Opinião: Sem regras a bandalheira instala-se na sociedade

Não sei os meus caros amigos já se deram conta do incómodo, quando um qualquer energúmeno se deleita a ouvir uma porcaria qualquer no telemóvel, no pressuposto que o vizinho é obrigado a ouvir o que ele quer. No restaurante, nos transportes públicos, etc.
O maior gozo que me dá quanto tal acontece, é colocar a música do gajo do acordeão que reza assim; “meto o carro, tiro o carro da garagem da vizinha” em altos berros, para aquela gente perceber que há “outra gente” por perto!
Também, e já agora, alguns Papás que não conseguem controlar o comportamento dos filhos, carregam jogos, jogatanas e correlativos, seja onde for e a que horas for para que as crianças estejam sossegadas. É ca uma chinfrineira!
Alguns deles, vítimas da chantagem dos filhos, não se importam de passar por mal educados e mal formados para se verem livres das birras dos meninos.
Claro que as crianças só tomam atitudes anti-sociais, porque os papás também não foram ensinados, que, “a sua liberdade acaba quando começa a liberdade do outro”!
Por isso a escola tem mais funções…assim haja ordem!
Por tudo isso e o mais que eu não quero descrever, penso que está na altura de regular o uso do telemóvel – muito útil para ligar e trabalhar – mas de grande inutilidade para incomodar o vizinho.

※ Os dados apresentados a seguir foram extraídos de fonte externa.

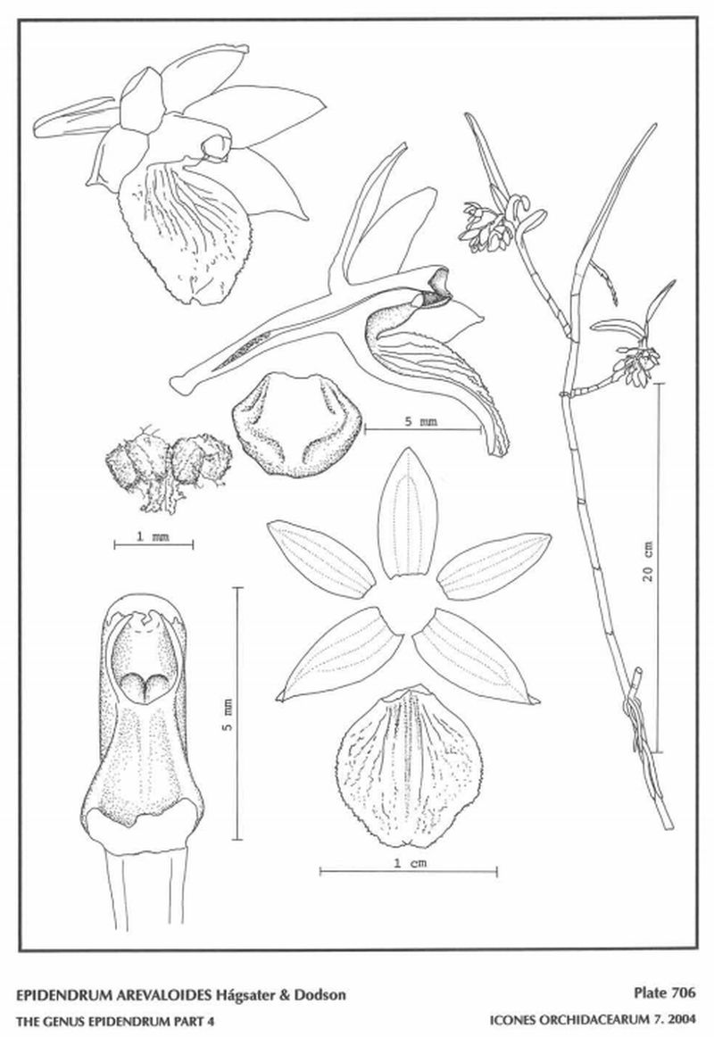 "Epidendrum arevaloides belongs to the GROUP Diothonea SUBGROUP Diothonea which is characterized by the branching plants, linear lanceolate to oblong, bilobed leaves, racemose, arching-nutant inflorescence, membranaceous flowers (rarely fleshy), the entire to 3-lobed, ecallose lip with the margin erose with or without 1 to 10 thin, smooth to erose keels, the column completely to obliquely united to the lip, the anther reniform. The new species is recognized by the thin, terete stems, branching towards the apex, short, arching inflorescence, narrowly lanceolate leaves distributed towards the apical half of the stems, obtuse petals .268 to .4" [6.7 to 10 mm] long, sepals 3-veined, lip ovate to suborbicular, ornamented with ancistrous trichomes on the apical half, thin, straight, free column with a pair of narrow lateral wings along the basal half; the column is .2 to .24" [5 to 6 mm] long. It is similar to Epidendrum arevaloi which has larger plants, longer leaves, the veins of the floral segments marked red, larger f1owers, the acute petals, the sepals .48 to .64" [12 to 16 mm] long, the lip provided with 9 to 10 keels evidently serrulate towards the apical half. Epidendrum cochabambanum Dodson & Vásquez has linear, conduplicate leaves .08 to .12" [2 to 3 mm] wide, smaller f1owers, narrowly linear-elliptic petals, the lip totally united to the column is provided with 5 laminar, smooth keels and the column thick and widening towards the apex. Epidendrum microdiothoneum Hágsater & Dodson has a glomerulate inflorescence, ventrally thickened ovary along the apical 2/3's, elliptic, petals 3-veined, the veins much branched, 3-lobed lip provided with 4 laminar keels, column short, .12" [3 mm] long. Epidendrum heterothoneum (Rchb. f. & Warsc.) Hágsater has larger f1owers, the floral segments .6 to .64" [15 to 16 mm] long, 3-lobed lip totally united to the column which is thick and widened towards the apex. Epidendrum megalospathum (Rchb. f.) Garay & Dunsterv., though belonging to a different group with a very different plant architecture and a promlnent spathe and has a similarly free column." Hagsater etal 2004
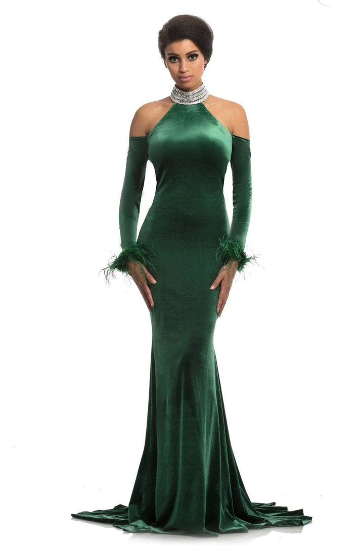 Radiate class and poise as you channel red carpet glamour wearing this evening gown by Johnathan Kayne 9015. This long formal evening dress is fabric in vibrant stretch velvet, featuring a halter style embellished high neckline, cold shoulder cut out and long sleeves with faux feathers on the cuffs. The long skirt is fitted on the hips and flare from the knee down into the floor cascading to a mermaid silhouette. You are sure to spice up the evening on the red carpet in this fabulous Johnathan Kayne creation.

O que levará alguém a conversar com a amiga nos confins da terra e contar os feitos dos filhos e dos netos, como se só existissem aqueles seres na terra e os outros fossem um bando de inúteis? Ainda por cima numa carruagem de um comboio? Se a estupidez pagasse imposto…!
Lembra-me uma “estória” com uma amiga que não achou piada nenhuma.
Vinha eu com a minha filha com meia dúzia de meses de vida, e encontrei essa minha amiga com filho da mesma idade. Como diria Jô Soares, “conversa vem conversa vai, ou não vai”, e a minha amiga não se conteve e esteve a contar os feitos e habilidades do seu menino mais de 20 minutos. Por fim, quando percebeu que eu estava, estaria por perto, perguntou; e a tua filha? Bem, retorqui eu, a minha filha é uma criança normal!
Ficou zangada, naturalmente, durante uns dias mas percebeu duas coisas; a primeira é que eu estava a brincar e a segunda é deveria dar mais atenção ao outro.
Noutro patamar, o que dizer daquela rapaziada que usa o boné na cabeça como adorno – coisa fina, já se vê! – e com ele entra nas Igrejas, nos Panteões Nacionais – sim, que Santa Cruz é Panteão – nas salas de aula, etc. e usa-o de forma indiscriminada?
Vem tudo isto a propósito da falta de respeito, latente e evidente, com muitos cidadãos – podem-se apelidar assim? – que, ao ouvirem o Hino Nacional, não mantêm o silêncio, “ladram” qualquer coisa para o vizinho – talvez até acerca da forma como o músico vai vestido ou sopra no instrumento, sabe-se lá! – muitos deles não sabendo sequer a letra e depois aplaudem como se tivessem estado com muita atenção compenetrados no acto solene. Sim. Porque quando se ouve o Hino Nacional, é um acto solene porque de respeito e respeitoso!
Há daqueles “americanizados – os jovens já têm esse hábito e será bom que o percam – que têm o mau hábito de colocar a mão no coração ao invés de tomarem outra atitude.
Eu explico; “tronco direito, braços ao longo do corpo, dedos unidos, queixo levantado, calcanhares unidos”.
Se usar boné, boina, chapéu ou similar deve-o retirar da “cachola”! Quando acabar pode voltar à posição normal!
Sou conservador? Talvez. Mas sinto-me bem assim. Sem regras a bandalheira toma conta da sociedade!